In opposition, Defendant argues although the Appellate Division, First Department, has held in the matter of Becerra v. Promenade Apts. Inc., 126 A.D.3d 557, 6 N.Y.S.3d 42 (1st Dep't 2015) that 12 NYCRR §23-1.5(c)(3) is specific enough to support a Labor Law §241(6) claim, the Appellate Division, Second Department, in the matter of Opalinski v. City of NY, 164 A.D.3d 1354,84 N.Y.S.3d 499 (2d Dep't 2018) has held that it is not. Thus, Defendant contends that this court should follow the holding in Opalinski and find that the subject Industrial Code is too broad to impose liability under Labor Law §241 (6).
In addition, Defendant posits that it did not violate 12 NYCRR §23-1.5(c)(3). It takes the position that the grinder was not damaged but rather modified for Defendant's use, therefore, it was not under any obligation to affix a guard or remove the grinder from use. Lastly, Defendant contends that because it did not have any prior notice that the grinder lacked a guard, Plaintiff failed to meet his prima facie burden.
This court finds that it is bound by precedent from the Appellate Division, First Department, therefore, it is constrained to follow the holding in Becerra. Consequently, this court finds that 12 NYCRR §23-1.5(3) is sufficiently specific to constitute a proper predicate under Labor Law §241(6). Moreover, this court is unpersuaded by Defendant's argument that it did not violate 12 NYCRR §23-1.5(3). Although the grinder was not damaged Defendant had an obligation to ensure the grinder was properly safeguarded regardless if it was "damaged" or not. See Becerra 126 A.D. at 557, 6 N.Y.S. at 44.

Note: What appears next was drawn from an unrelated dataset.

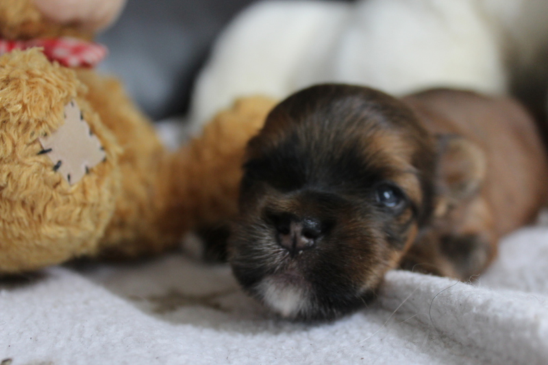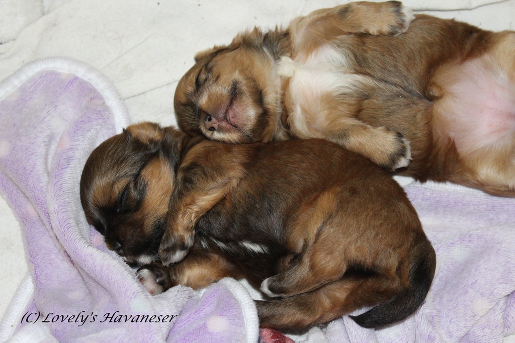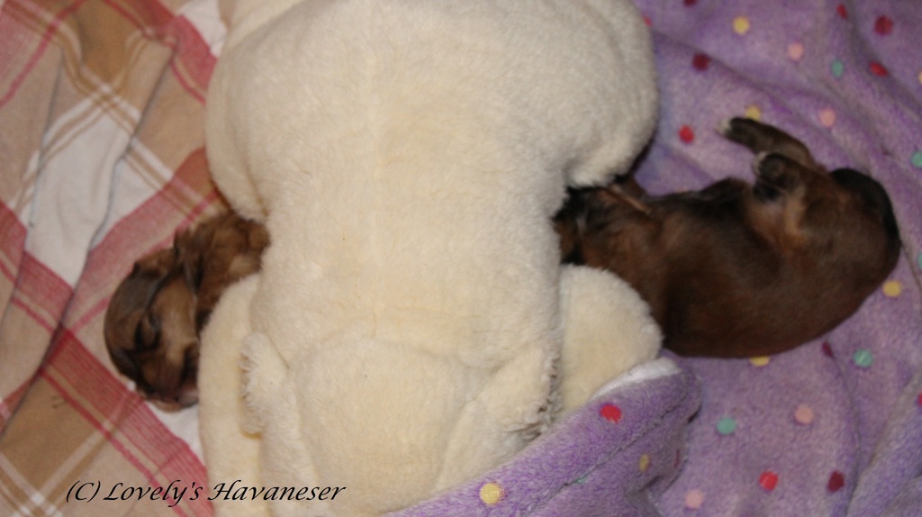 Die 1. Woche ist schon rum, so schnell - wie im Flug. Wir Welpen haben nur getrunken und geschlafen, mehr nicht... und ja, klar - wir haben zugenommen und sind gewachsen. Wir haben das doppelte unseres Geburtsgewichts erreicht... das ist doch toll, oder? Wir fangen auch schon an etwas zu blinzeln, dann endlich können wir in die Welt schauen... abwarten, dann wird Fotoshooting gemacht..

Lastly, this court rejects Defendant's argument concerning lack of notice. "Since an owner or general contractor's vicarious liability under [Labor Law] section 241(6) is not dependent on its personal capability to prevent or cure a dangerous condition, the absence of actual or constructive notice sufficient to prevent or cure ... [is] irrelevant to the imposition of Labor Law §241(6) liability." Gallina v. Mta Capital Constr. Co., 193 A.D.3d 414, 146 N.Y.S.3d 244 (1st Dep't 2021); see also Rizzuto v. LA. Wenger Contr. Co., 91 N.Y.2d 343, 693 N.E.2d 1068, 670 N.Y.S.2d 816 (1998).
Accordingly, it is
ORDERED, that Plaintiffs summary judgment motion seeking judgment as to liability on his Labor Law §241(6) claim is granted.
This constitutes the decision and order of the court.